Collected data entries
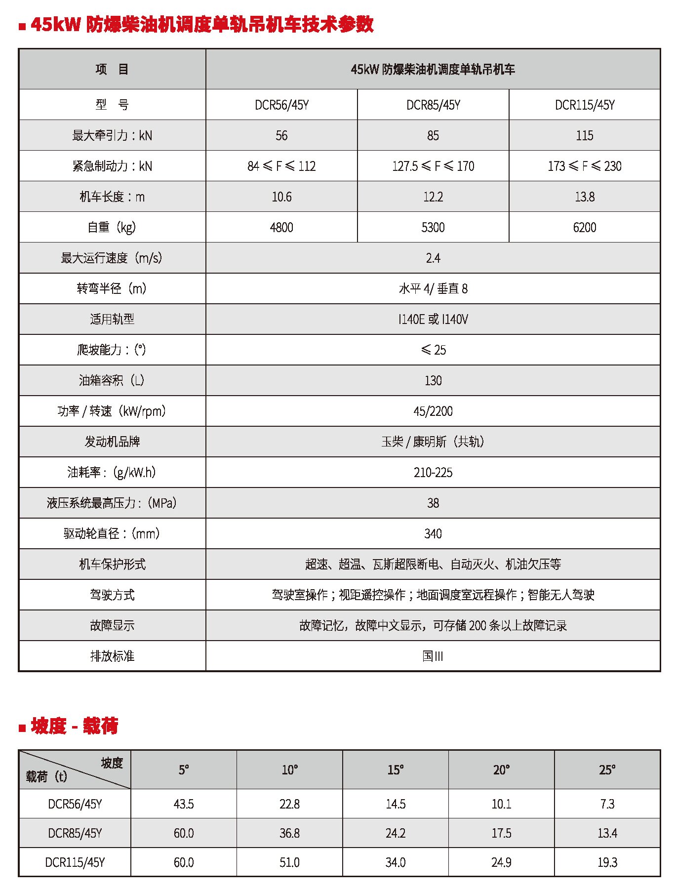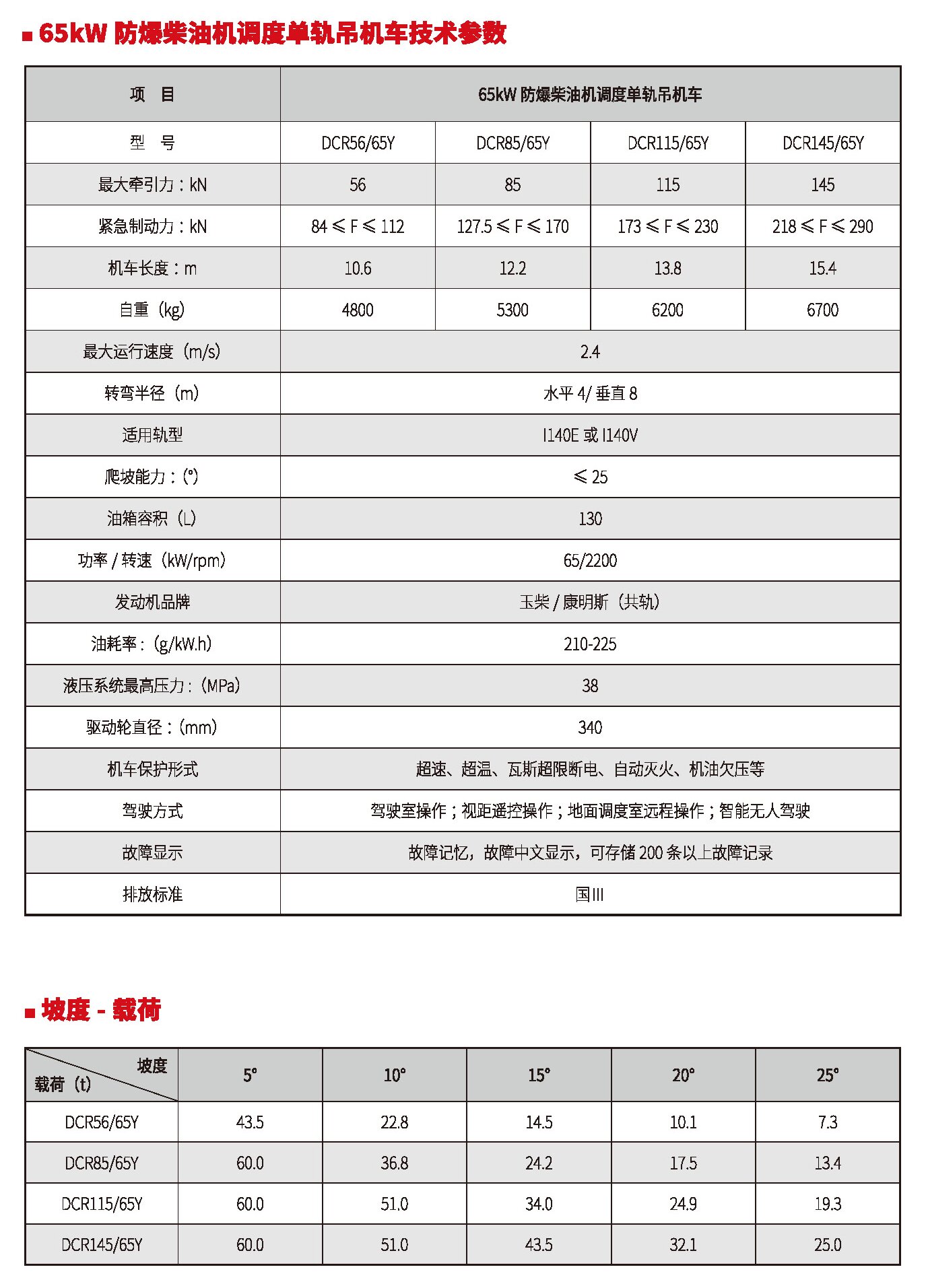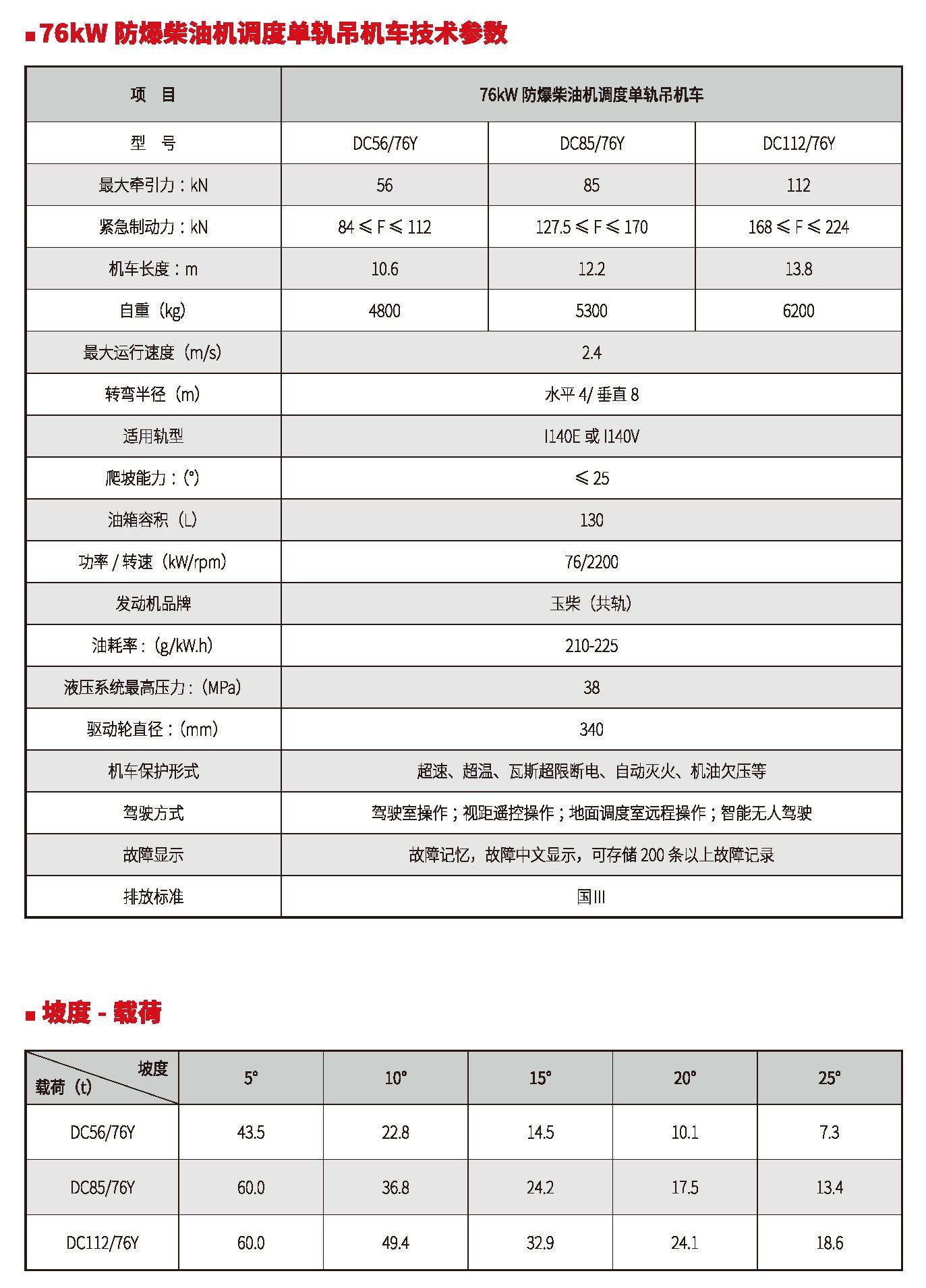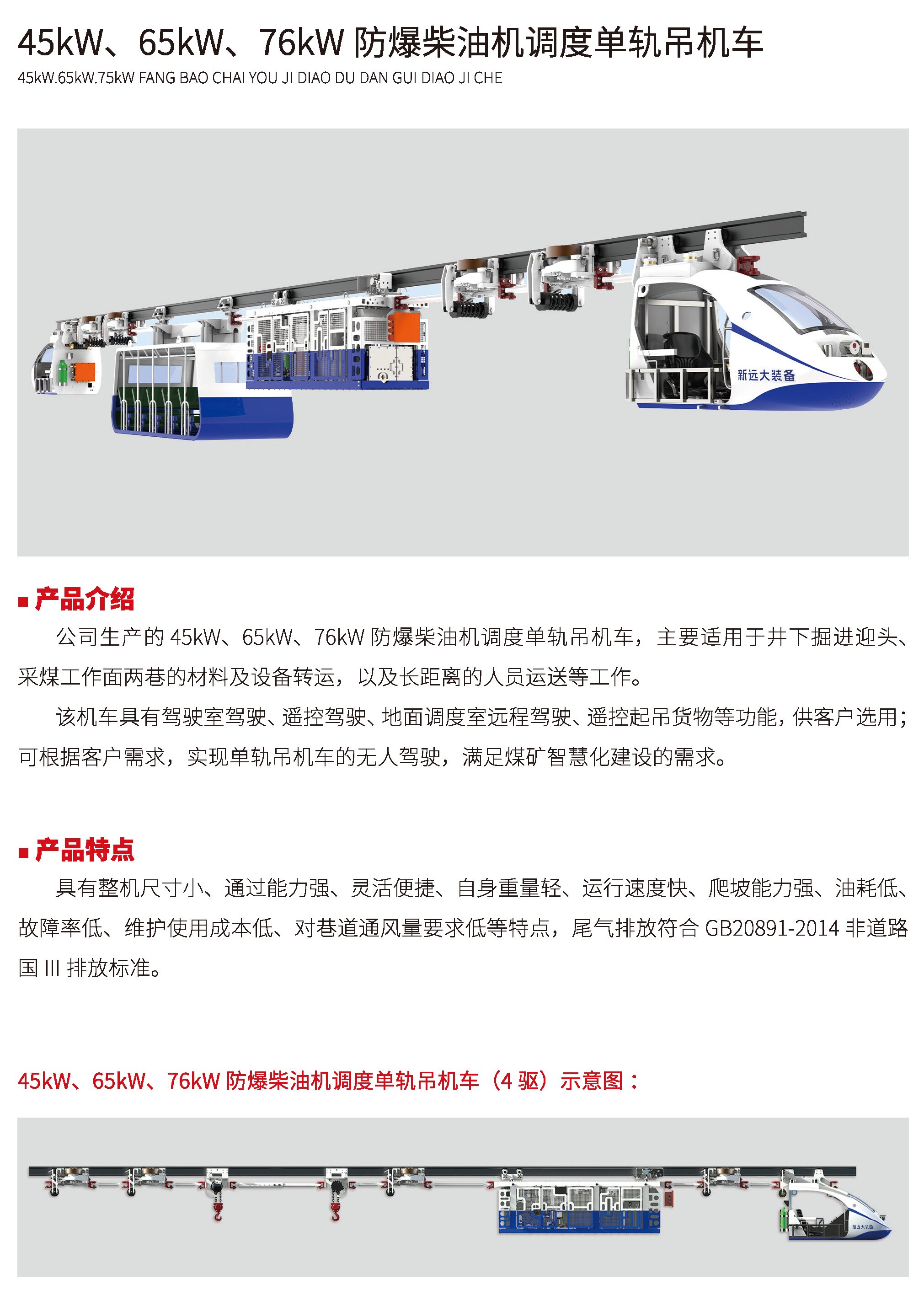 45kW、65kW、76kW防爆柴油機調(diào)度單軌吊機車(國Ⅲ、國Ⅳ)
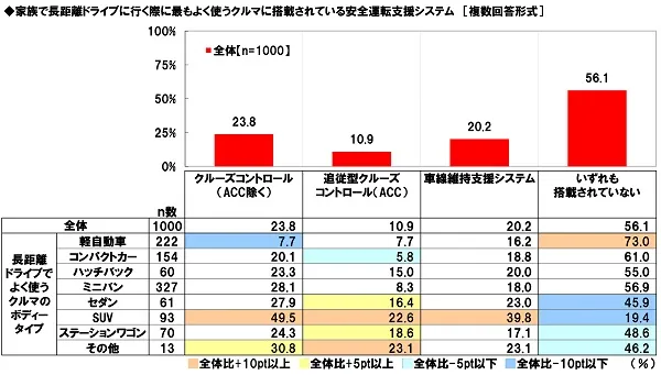 全回答者(1,000名)に、家族で長距離ドライブに行く際に最もよく使うクルマに搭載されている安全運転支援システムを聞いたところ、「クルーズコントロール(ACC除く)」は23.8%、「追従型クルーズコントロール(ACC)」は10.9%、「車線維持支援システム」は20.2%となりました。
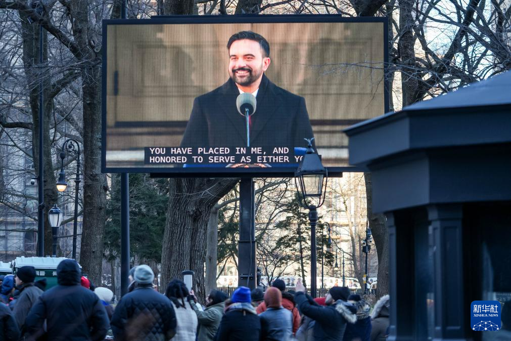 1月1日,在美国纽约,街头大屏幕播放祖赫兰·马姆达尼在就职典礼上的讲话。
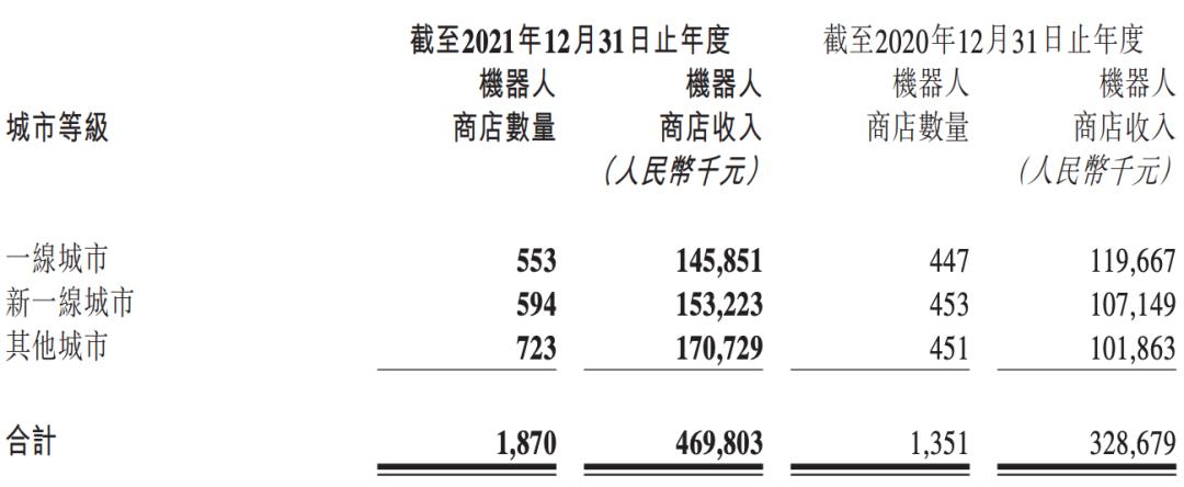 机器人商店的铺设数量与2019年底的825间相比增加了2.27倍,但收入占比却一路下滑。财报显示,这部分的收入占比从2018年的16.8%,到2019年的14.8%,到今年降至10.5%。有分析称,或与机器人商店的体验不佳、密集度增加有关。
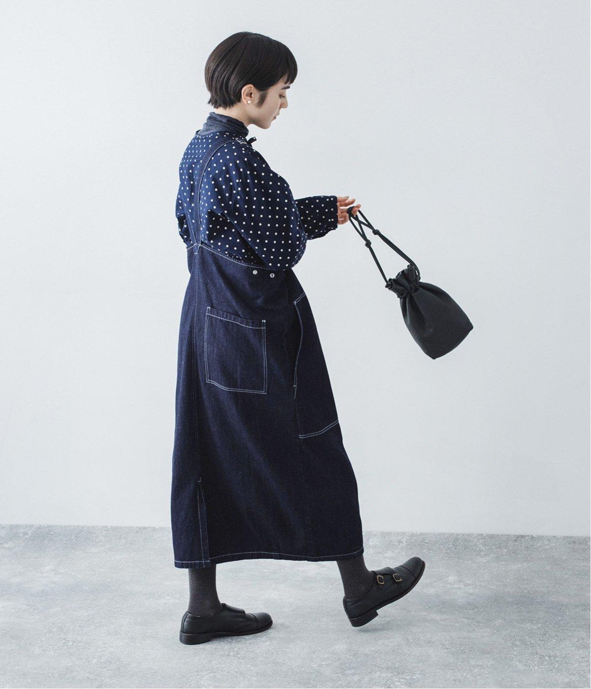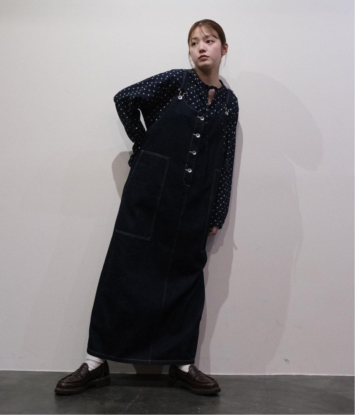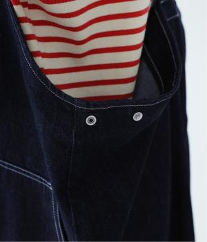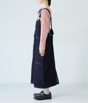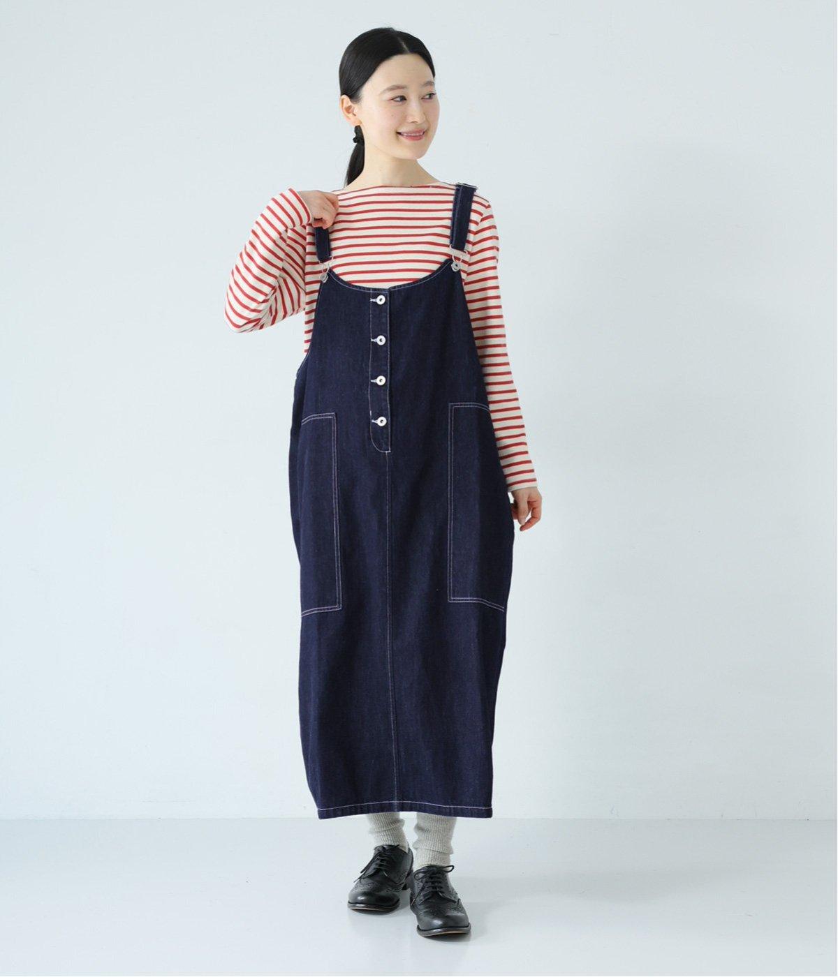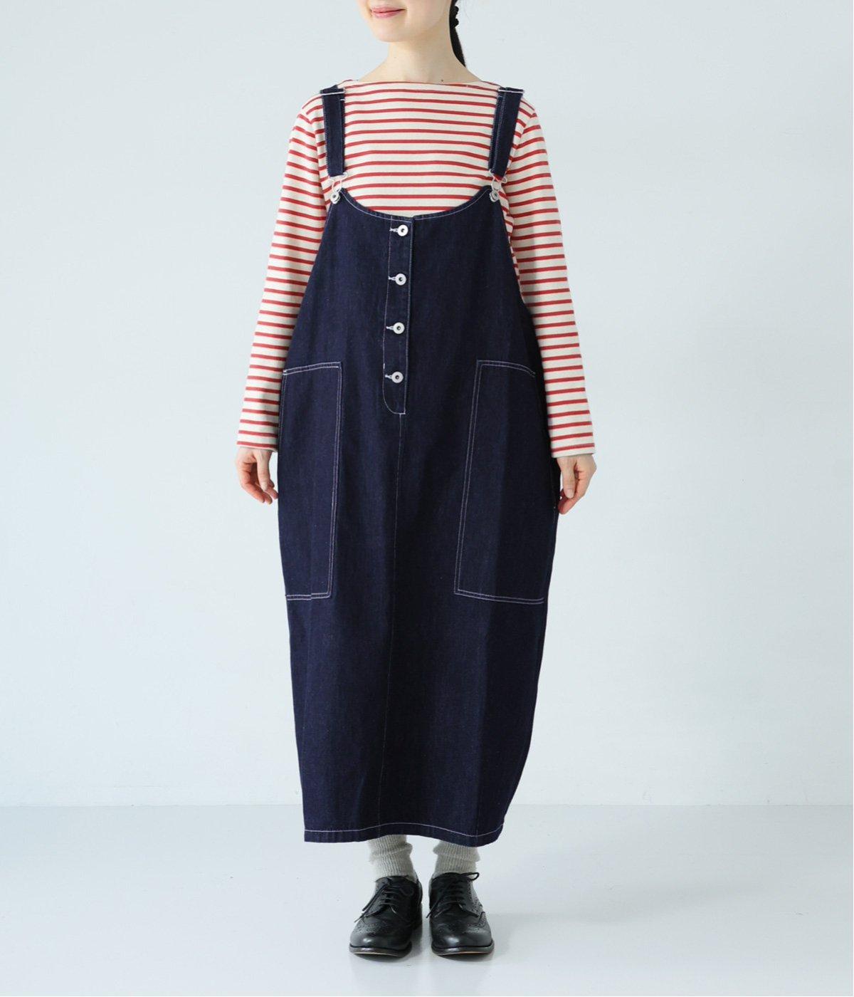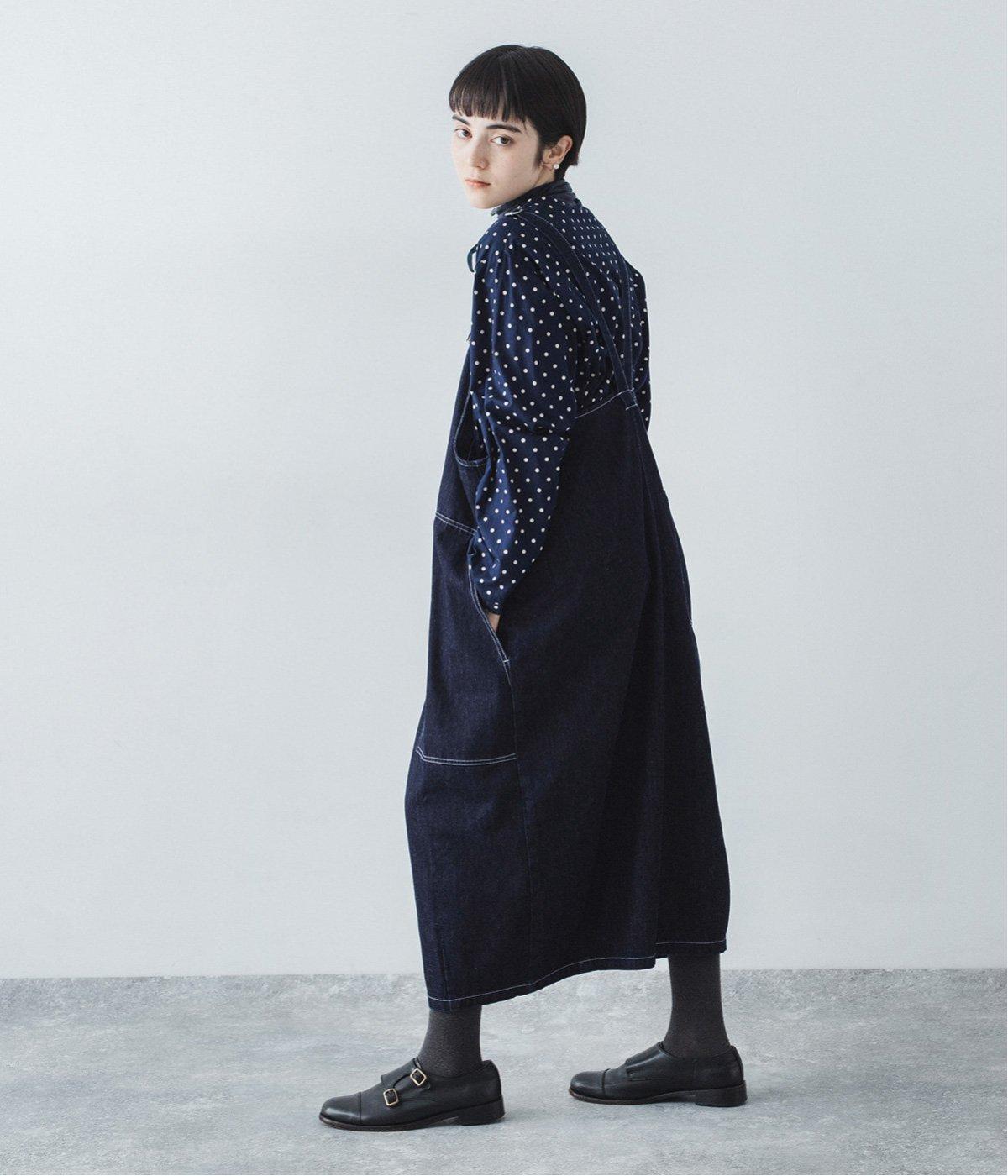 裾の広がりをおさえ丸みを持たせたコクーンシルエットが大人らしいジャンパースカート。前後の大きめのポケットやステッチでワークテイストを取り入れました。ウエスト位置両サイドのドットボタンでシルエット調節が可能。肩紐もバックルで長さをアレンジできます。
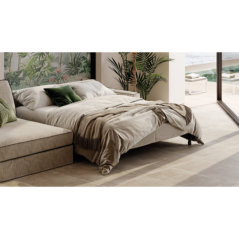 Le canapé d’angle convertible Etretat adopte une configuration en L ample et structurante, pensée pour habiller l’espace avec élégance tout en créant une véritable zone de détente. Sa silhouette horizontale, basse et continue, dessine un volume rassurant, presque architectural, qui ancre naturellement le canapé dans la pièce. Les proportions généreuses sont parfaitement maîtrisées : l’ensemble impose sa présence sans jamais paraître lourd, grâce à une ligne fluide et enveloppante.
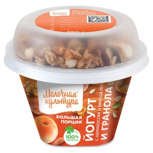 Йогурт Молочная культура с абрикосом миндалем и гранолой и изюмом 2,7-3,5% БЗМЖ, 190 г (kastd) в магазинах Ашан
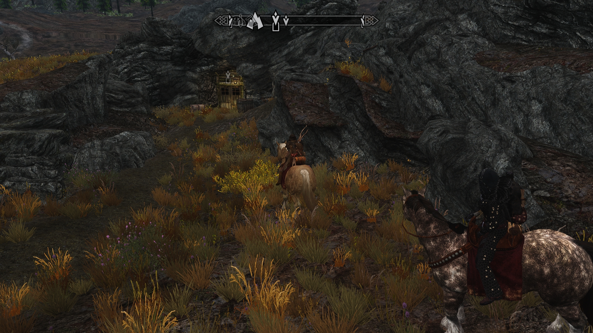 As Jenassa and I ride out from Whiterun, the sun is sinking behind the hills, but there’s still enough light to find our way. We head almost due west through the open fields, taking the more direct route rather than traveling along the roads. While this is somewhat riskier, we’re confident that we can easily outrun any dangerous wildlife as long as we’re on horseback.

• What the task asks: Reproduce the data above exactly, but only the lines from the one showing "1月1日,在美国纽约,街头大屏幕播放祖赫兰·马姆达尼在就职典礼上的讲话。" through the one showing "Le canapé d’angle", with both ends kept and the pictures left out.

• Problem solution:
 1月1日,在美国纽约,街头大屏幕播放祖赫兰·马姆达尼在就职典礼上的讲话。
 机器人商店的铺设数量与2019年底的825间相比增加了2.27倍,但收入占比却一路下滑。财报显示,这部分的收入占比从2018年的16.8%,到2019年的14.8%,到今年降至10.5%。有分析称,或与机器人商店的体验不佳、密集度增加有关。
 裾の広がりをおさえ丸みを持たせたコクーンシルエットが大人らしいジャンパースカート。前後の大きめのポケットやステッチでワークテイストを取り入れました。ウエスト位置両サイドのドットボタンでシルエット調節が可能。肩紐もバックルで長さをアレンジできます。
 Le canapé d’angle convertible Etretat adopte une configuration en L ample et structurante, pensée pour habiller l’espace avec élégance tout en créant une véritable zone de détente. Sa silhouette horizontale, basse et continue, dessine un volume rassurant, presque architectural, qui ancre naturellement le canapé dans la pièce. Les proportions généreuses sont parfaitement maîtrisées : l’ensemble impose sa présence sans jamais paraître lourd, grâce à une ligne fluide et enveloppante.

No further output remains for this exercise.